Matt Porter, Green Investment Group; Yvonne Dacey, ExxonMobil; Angus McIntosh, SGN

From left: Matt Porter, Green Investment Group; Yvonne Dacey, ExxonMobil; and Angus McIntosh, SGN; at Fawley

A deal that could lead to large-scale hydrogen production at the Fawley refinery near Southampton has been agreed by ExxonMobil’s subsidiary Esso.

A memorandum of understanding (MoU) to explore the use of hydrogen and carbon capture to help reduce emissions in the Southampton industrial cluster has been signed by Esso, SGN and Macquarie’s Green Investment Group (GIG).

An initial feasibility study by SGN and GIG shows the annual hydrogen demand from the cluster, which is home to ExxonMobil’s Fawley complex, could rise to as much as 37 TWh by 2050, including the heating demand of 800,000 homes across the south of England.

An increase in the use of hydrogen with carbon capture would help reduce emissions in the area’s industrial sector and stimulate the local economy through the conversion of the natural gas network, while helping reduce emissions from domestic heating and transport.

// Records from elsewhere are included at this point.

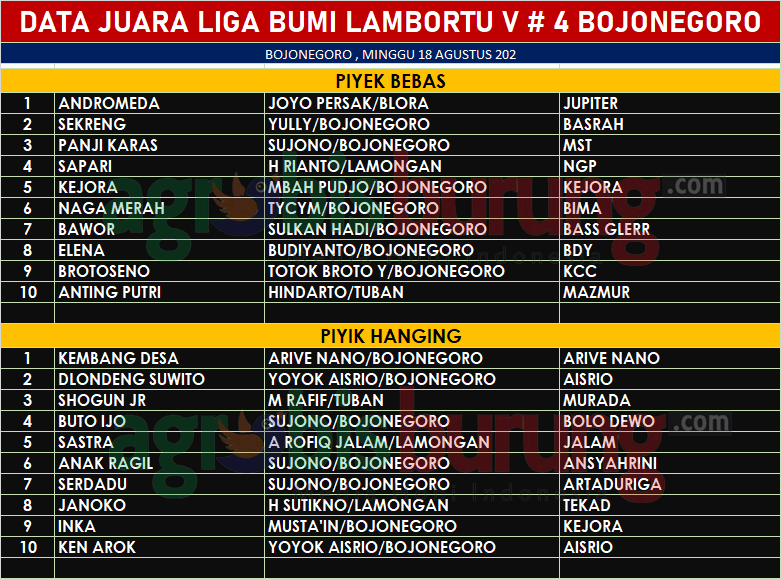 Sementara itu jalannya liga tetap penuh persaingan sengit di dua kelas yang dimainkan, di piyik bebas jawra Andromeda bergelang Jupiter milik Joyo Persik Blora dengan kemampuan hebatnya bisa mencuri poin kemenangan dari lawan lawannya. Sekreng bergelang BAsrah dan Paji Karas bergelang MST yang sempat mengimbangi aksi Andromeda harus mengakui kehebatannya dan menempati posisi kedua dan ketiga di babak akhir.
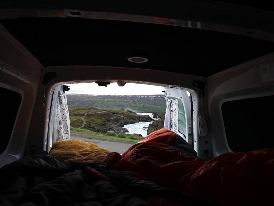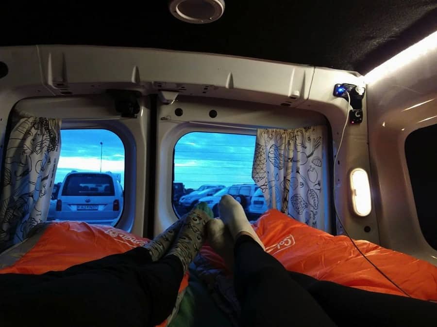 The adventure started at 1:00 am when we rent our fantastic Renault Kangoo from Rent.is in Keflavik Airport .The guys at the rental were very funny and I think we appeared a little bit lost about what we were doing but we were really excited about that new experience. We were very surprised to see that the van had everything we would have needed! The fridge for our beers, the camping gas for our Italian plates and a very relaxing bed where we slept like angels for our first night.
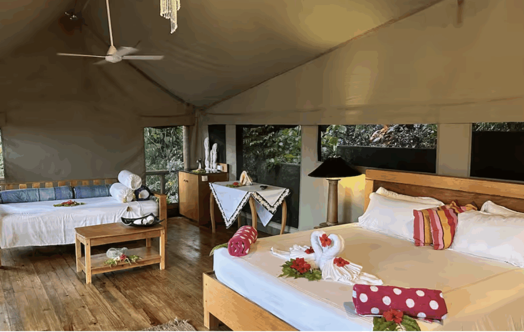 Total rooms: A compact mix of Deluxe Oceanfront, Two Bedroom Oceanfront, a Luxury Tented “Treehouse” and a Luxury Oceanview Bure.
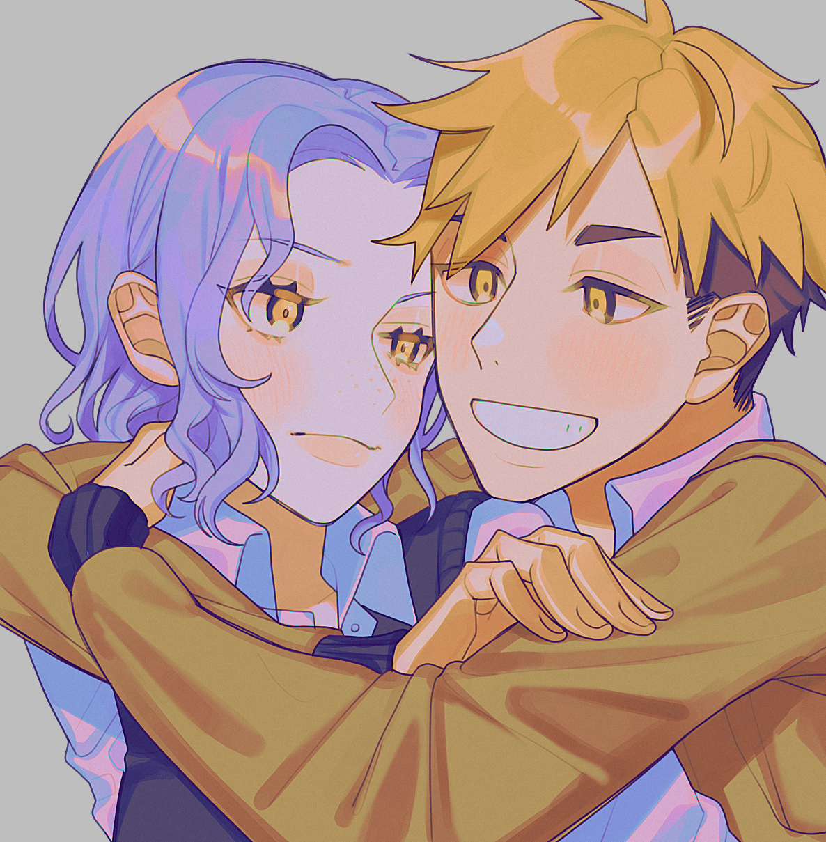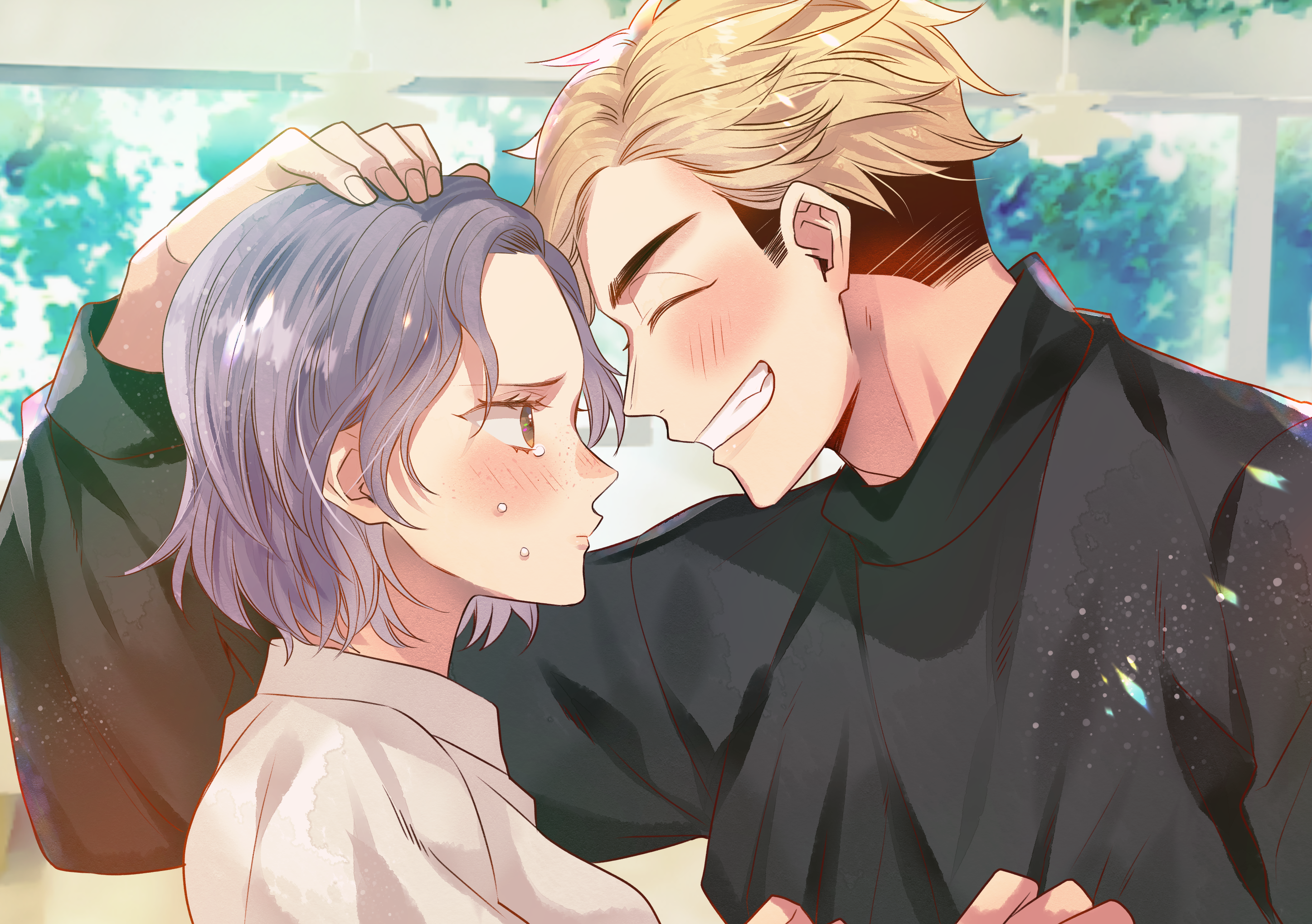 고교시절에 아무리 친했지만 사실상 사귀지는 않았던, 썸만 탔던 츠무와의 관계인지라 장난스럽게 안았지만 사실 안고 싶다는 사심... 이 들어간 모습이에요. 둘이 장난치다가 손장난을 말리던 중간에 안아버린 츠무, 라는 설정이랍니다. 이 뒤에는 황급히 놔주며 그러니까 장난치지 말라고! 라고 삐진 척하지만 얼굴은 다른 이유로 붉었겠죠. 서로 얼굴을 붉히고선 아무렇지도 않은 척 다시 다른 이야기를 할 것 같아요. 품에 안았을 때, 츠무는 두근거리는 심장소리를 들었을까요.

The feasibility study estimated that carbon capture facilities could initially capture approximately 2 million tonnes of CO2 per year, including from initial hydrogen production of around 4.3 TWh of hydrogen per year. This could also attract significant investment in the community, support existing employment and stimulate the creation of local jobs. It stated that if technical and business feasibility is confirmed, and with the right government support, hydrogen production could commence as early as 2030.

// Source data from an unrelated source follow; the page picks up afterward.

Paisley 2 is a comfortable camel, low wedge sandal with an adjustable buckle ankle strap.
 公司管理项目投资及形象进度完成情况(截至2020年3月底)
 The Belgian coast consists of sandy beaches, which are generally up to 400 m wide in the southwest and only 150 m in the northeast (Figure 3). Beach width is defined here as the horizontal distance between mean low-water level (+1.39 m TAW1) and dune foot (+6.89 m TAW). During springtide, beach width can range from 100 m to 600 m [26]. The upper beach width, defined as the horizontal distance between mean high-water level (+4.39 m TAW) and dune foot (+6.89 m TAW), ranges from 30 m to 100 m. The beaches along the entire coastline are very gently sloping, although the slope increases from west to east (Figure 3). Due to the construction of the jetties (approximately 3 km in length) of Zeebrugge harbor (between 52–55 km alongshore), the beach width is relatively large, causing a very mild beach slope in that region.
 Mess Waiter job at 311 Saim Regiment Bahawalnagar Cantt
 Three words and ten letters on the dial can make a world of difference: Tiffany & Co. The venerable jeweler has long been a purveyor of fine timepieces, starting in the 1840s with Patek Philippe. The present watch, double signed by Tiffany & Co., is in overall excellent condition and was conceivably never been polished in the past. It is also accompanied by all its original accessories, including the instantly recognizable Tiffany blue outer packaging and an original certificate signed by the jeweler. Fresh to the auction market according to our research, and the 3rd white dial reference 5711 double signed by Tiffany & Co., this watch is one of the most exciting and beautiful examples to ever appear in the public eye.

Joe Blommaert, president of ExxonMobil Low Carbon Solutions, said: “Hydrogen has the potential to help provide customers with access to affordable, reliable energy while minimising emissions. We are pleased to be part of this collaboration that includes a technical study to assess the potential for the Fawley facility to play a key role in both hydrogen production and carbon capture and storage solutions. With well-designed policy and regulations, hydrogen can help reduce the emissions of the Southampton industrial area that provides vital products for modern life.”

Angus McIntosh, director of energy futures at SGN, said: “Hydrogen will be key in our journey to net zero, providing a reliable, affordable and practical supply of clean energy to multiple sectors whilst ensuring security of supply. The creation of hydrogen hubs in and around industry is a great way of achieving scaled hydrogen demand and creating hydrogen economies. We are pleased to partner in this project to explore decarbonisation of the Solent area and build on the outputs of the feasibility study. This project can kick start a net zero industrial cluster in Southampton and stimulate net zero gas networks across the South of England.”

Edward Northam, head of GIG Europe, said: “Hydrogen will play a vital role in decarbonising industrial clusters like Southampton, and so it is extremely positive that our recent exploratory study has concluded that this hydrogen project is both technologically and economically feasible. Getting the project to development will require close partnership with local industry – which is why ExxonMobil, a potential cornerstone producer and user of hydrogen, joining our project is a significant step forward.”